(Data items)
........
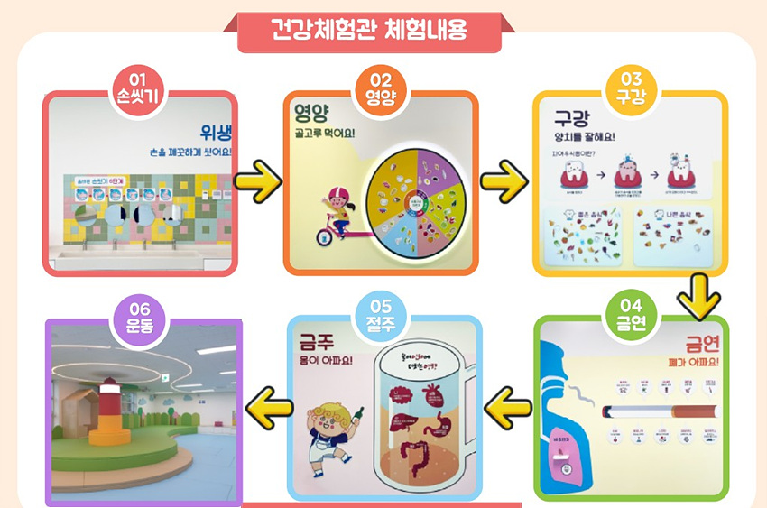 건강체험관은 4~6세 어린이들이 건강한 생활 습관 형성을 위해 ▲위생 ▲영양 ▲구강 ▲금연 ▲금주 ▲신체활동 등 테마별로 올바른 건강지식을 배우고 체험할 수 있는 공간이다.
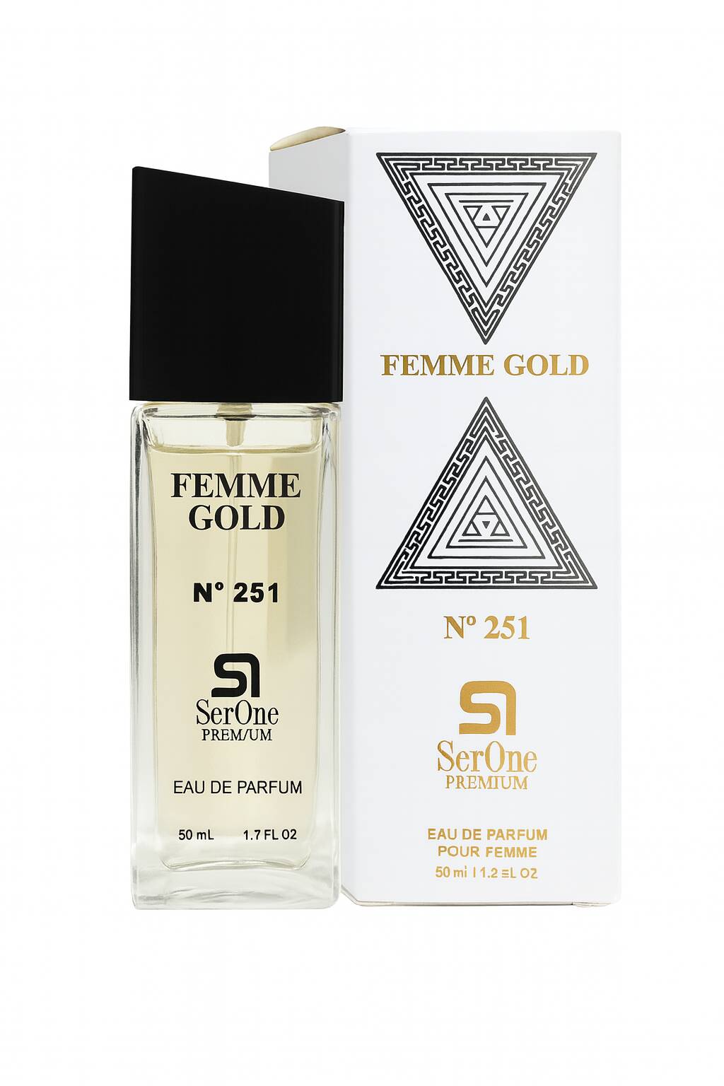 Femme Gold es una fragancia femenina inspirada en el estilo olfativo de Fame de Rabanne, reinterpretada por Serone con una identidad propia, radiante y sofisticada. Su salida combina notas frutales jugosas con un toque chispeante que aporta luminosidad inmediata. En el corazón, un acorde cremoso y floral envuelve la piel con elegancia moderna, evocando sensualidad y un carácter irresistible. El fondo se despliega con matices amaderados suaves y un toque cálido que aporta profundidad y una estela duradera, perfecta para quienes buscan un perfume con presencia y personalidad.
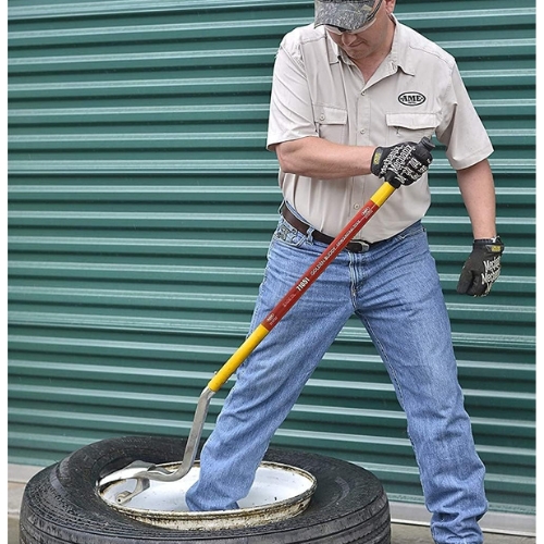 The AME 71050 Golden Buddy Tire Tool is engineered with steel and reinforced nylon components to protect rims and beads, offering an efficient solution for mounting and demounting large truck tires in shop and fleet environments.
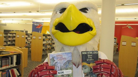 The Grand Rapids Griffin mascot posed with SAVING THE GRIFFIN and Diana Wynne Jones’ YEAR OF THE GRIFFIN. It was pretty fun to see my book next to one by DWJ even though the only real link was the fact that we both had the word “griffin” in the title.
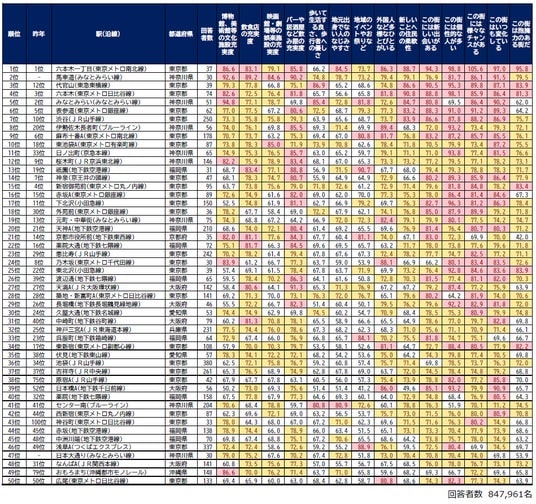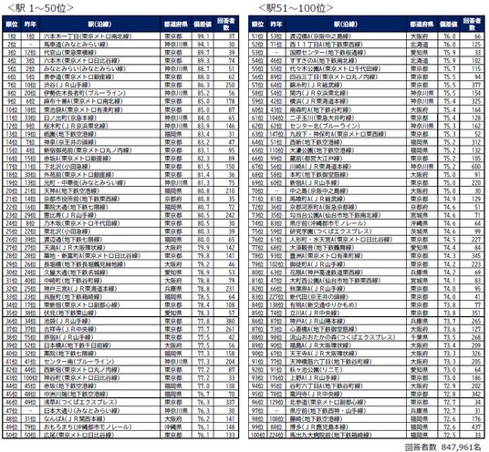 ●トップ100で今回初登場の駅は、47位日本大通り(神奈川県)、53位国際センター(愛知県)、70位中之島(大阪府)、97位県庁前(兵庫県)で、いずれも昨年は累計回答者数が30名未満でランキングの集計対象外でした。
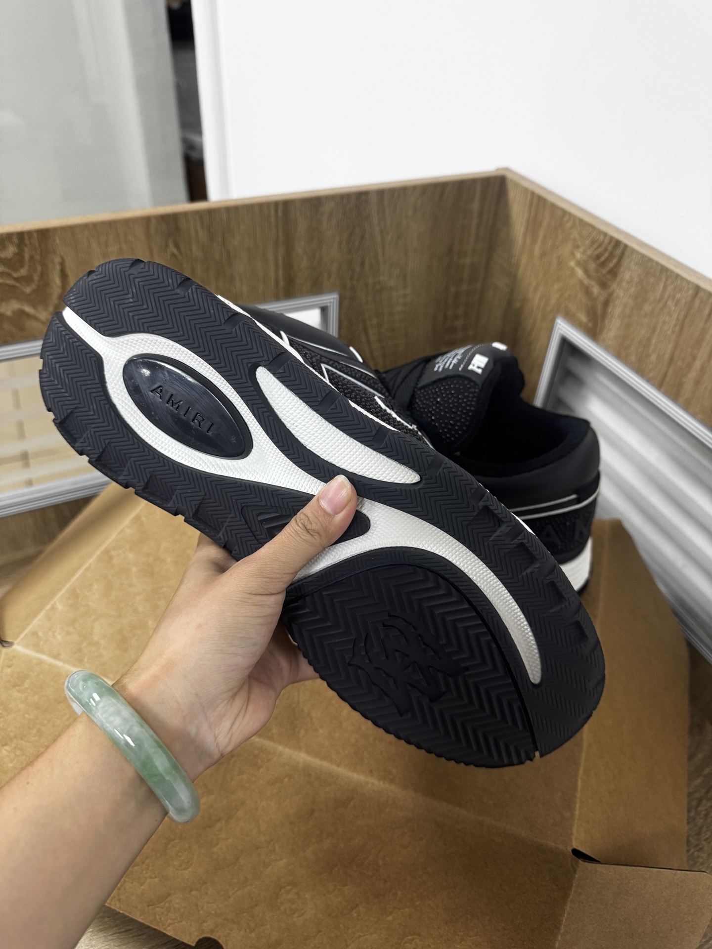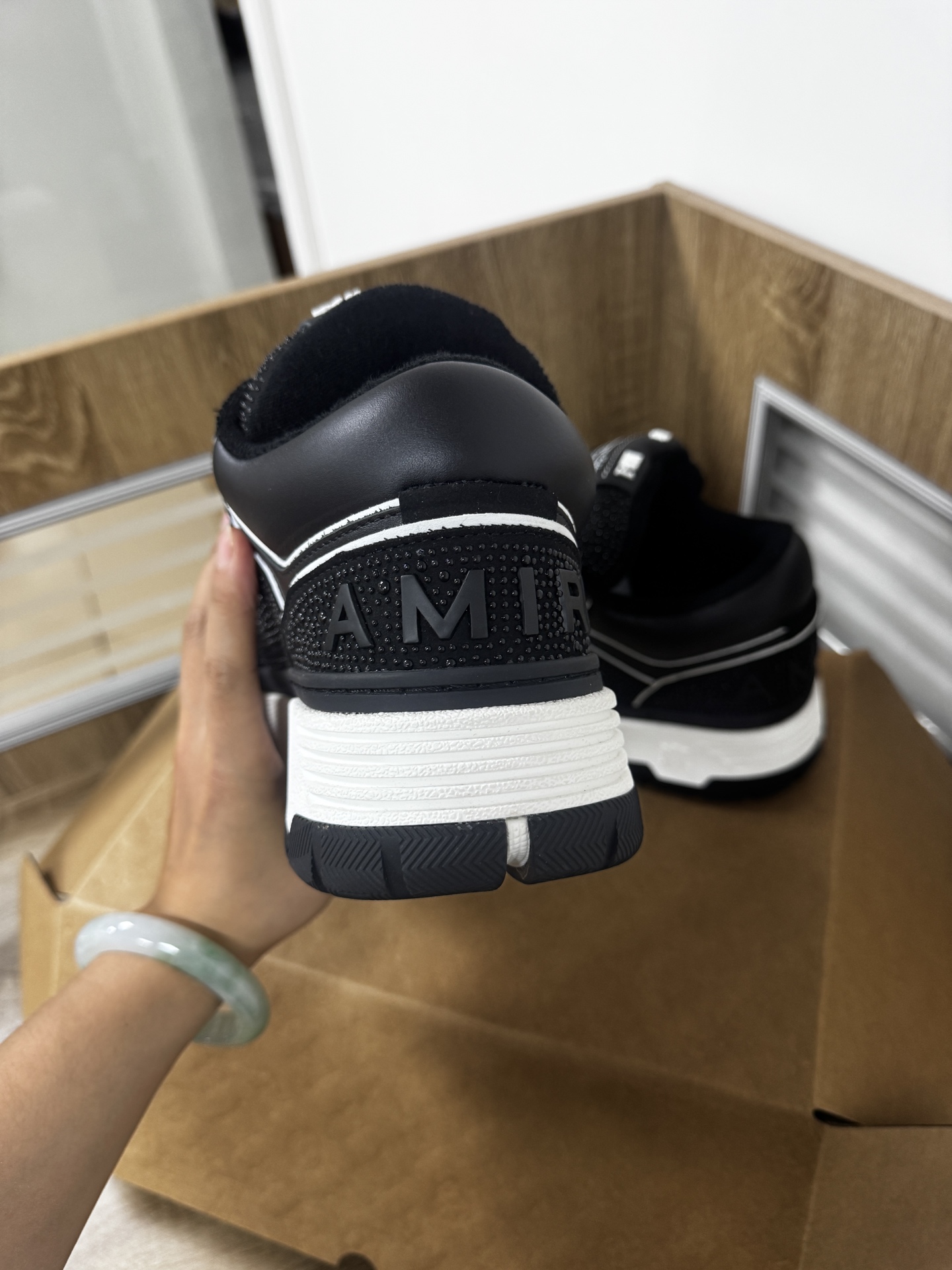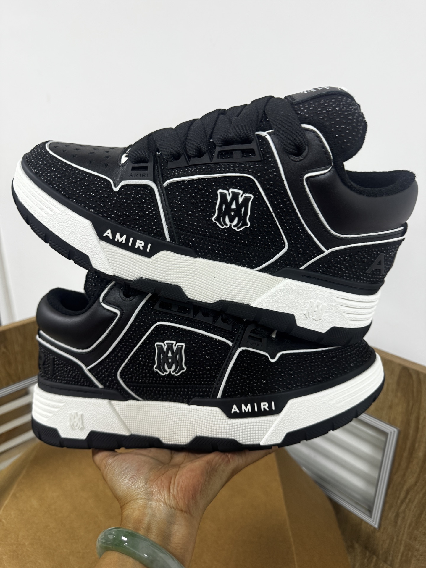 这款鞋子是AAAAA 1:1 质量 (非常棒). 使用了和原版一模一样的材料. 商标部分也保持了和Amiri一样. 图片拍摄是实物鞋子拍摄, 您所收到的实物保证和我们图片一模一样.
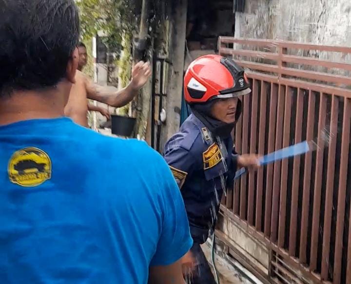 Sementara itu seorang petugas Damkar yang datang langsung mengambil selang tersebut dan membantu Iwan mencegah api agar tidak merembet.
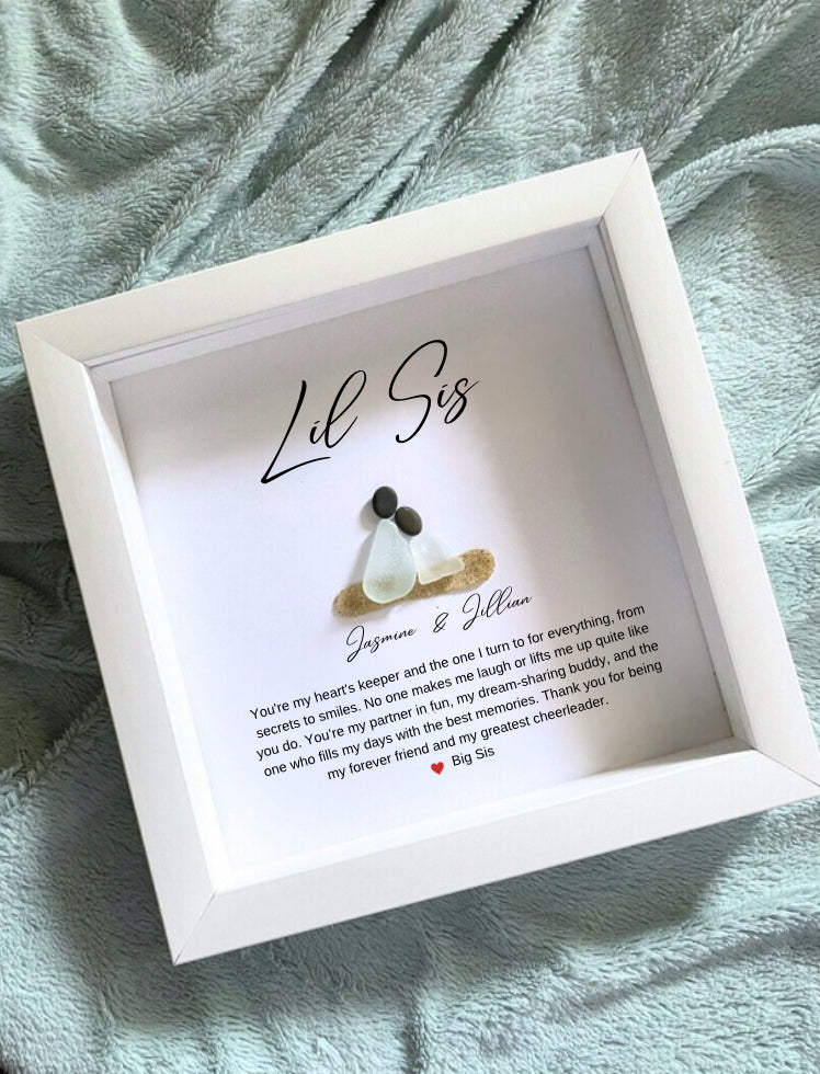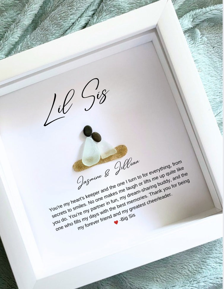Personalized Sister Gift Lil Sis Gift Handmade Sister Art Sea Glass Sister Git Custom Pebble Art Unique Sister Gift Birthday Gift for Sister
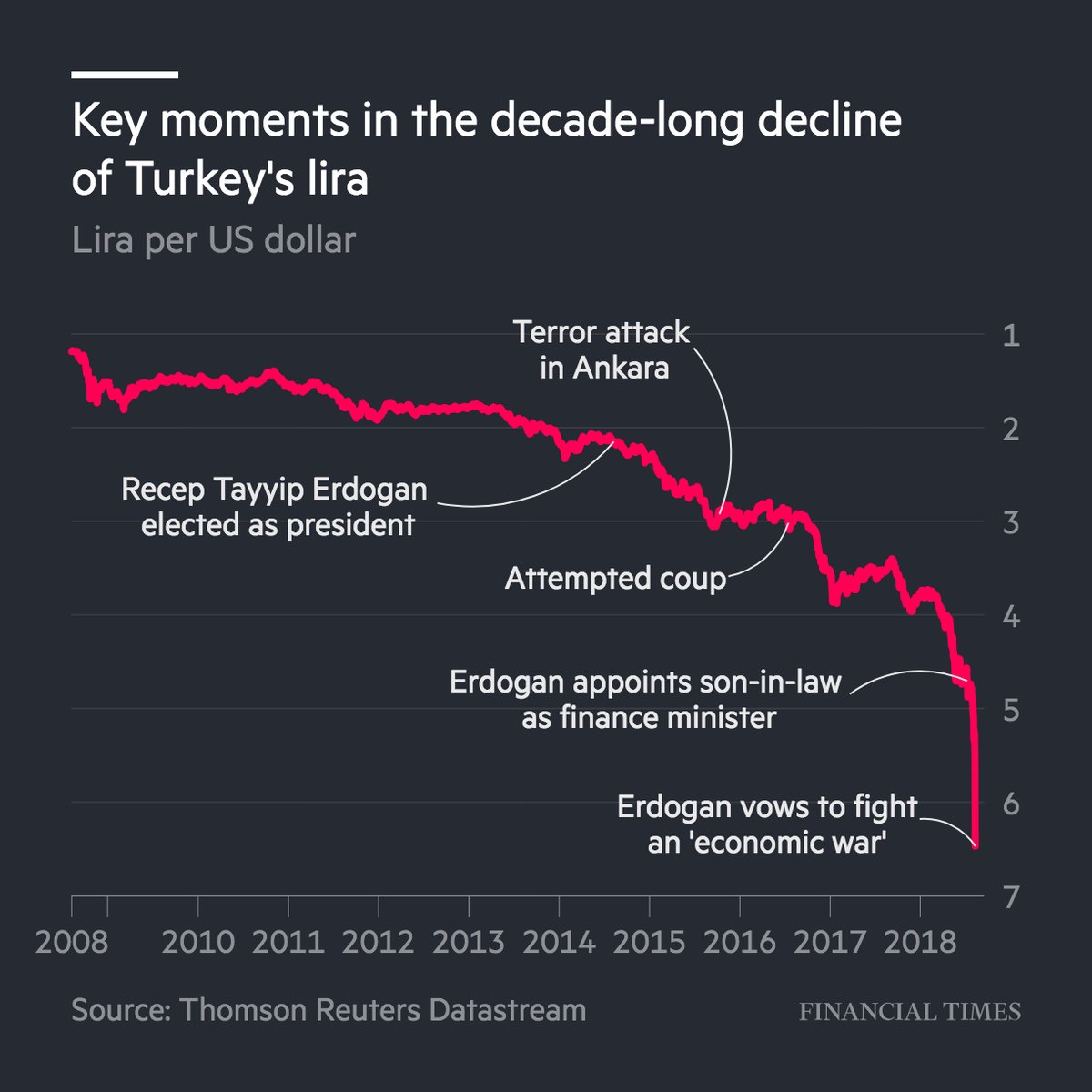 Cuộc khủng hoảng của đồng Lira bắt nguồn từ việc ông Erdogan trở thành Tổng Thống vào tháng 6.2018. Giới đầu tư lo ngại Thổ Nhĩ Kỹ sẽ trở nên căng thẳng hơn với Phương Tây khi ông có nhiều quyền lực hơn. Mặc dù Tổng Thống Erdogan đã nhiều lần lên tiếng hỗ trợ cho đồng Lira nhưng giới đầu tư mất niềm tin vào khả năng lãnh đạo của ông, vào khả năng điều hành của con trai ông trong vai trò bộ trưởng tài chính, và phản ứng của ngân hàng trung ương trong việc tăng lãi suất.”
........
### Task details
Set down again, exactly, the lines from the one with "The AME 71050" to the last line of the data, both included and pictures excluded.

### Task response
 The AME 71050 Golden Buddy Tire Tool is engineered with steel and reinforced nylon components to protect rims and beads, offering an efficient solution for mounting and demounting large truck tires in shop and fleet environments.
 The Grand Rapids Griffin mascot posed with SAVING THE GRIFFIN and Diana Wynne Jones’ YEAR OF THE GRIFFIN. It was pretty fun to see my book next to one by DWJ even though the only real link was the fact that we both had the word “griffin” in the title.
 ●トップ100で今回初登場の駅は、47位日本大通り(神奈川県)、53位国際センター(愛知県)、70位中之島(大阪府)、97位県庁前(兵庫県)で、いずれも昨年は累計回答者数が30名未満でランキングの集計対象外でした。
 这款鞋子是AAAAA 1:1 质量 (非常棒). 使用了和原版一模一样的材料. 商标部分也保持了和Amiri一样. 图片拍摄是实物鞋子拍摄, 您所收到的实物保证和我们图片一模一样.
 Sementara itu seorang petugas Damkar yang datang langsung mengambil selang tersebut dan membantu Iwan mencegah api agar tidak merembet.
Personalized Sister Gift Lil Sis Gift Handmade Sister Art Sea Glass Sister Git Custom Pebble Art Unique Sister Gift Birthday Gift for Sister
 Cuộc khủng hoảng của đồng Lira bắt nguồn từ việc ông Erdogan trở thành Tổng Thống vào tháng 6.2018. Giới đầu tư lo ngại Thổ Nhĩ Kỹ sẽ trở nên căng thẳng hơn với Phương Tây khi ông có nhiều quyền lực hơn. Mặc dù Tổng Thống Erdogan đã nhiều lần lên tiếng hỗ trợ cho đồng Lira nhưng giới đầu tư mất niềm tin vào khả năng lãnh đạo của ông, vào khả năng điều hành của con trai ông trong vai trò bộ trưởng tài chính, và phản ứng của ngân hàng trung ương trong việc tăng lãi suất.”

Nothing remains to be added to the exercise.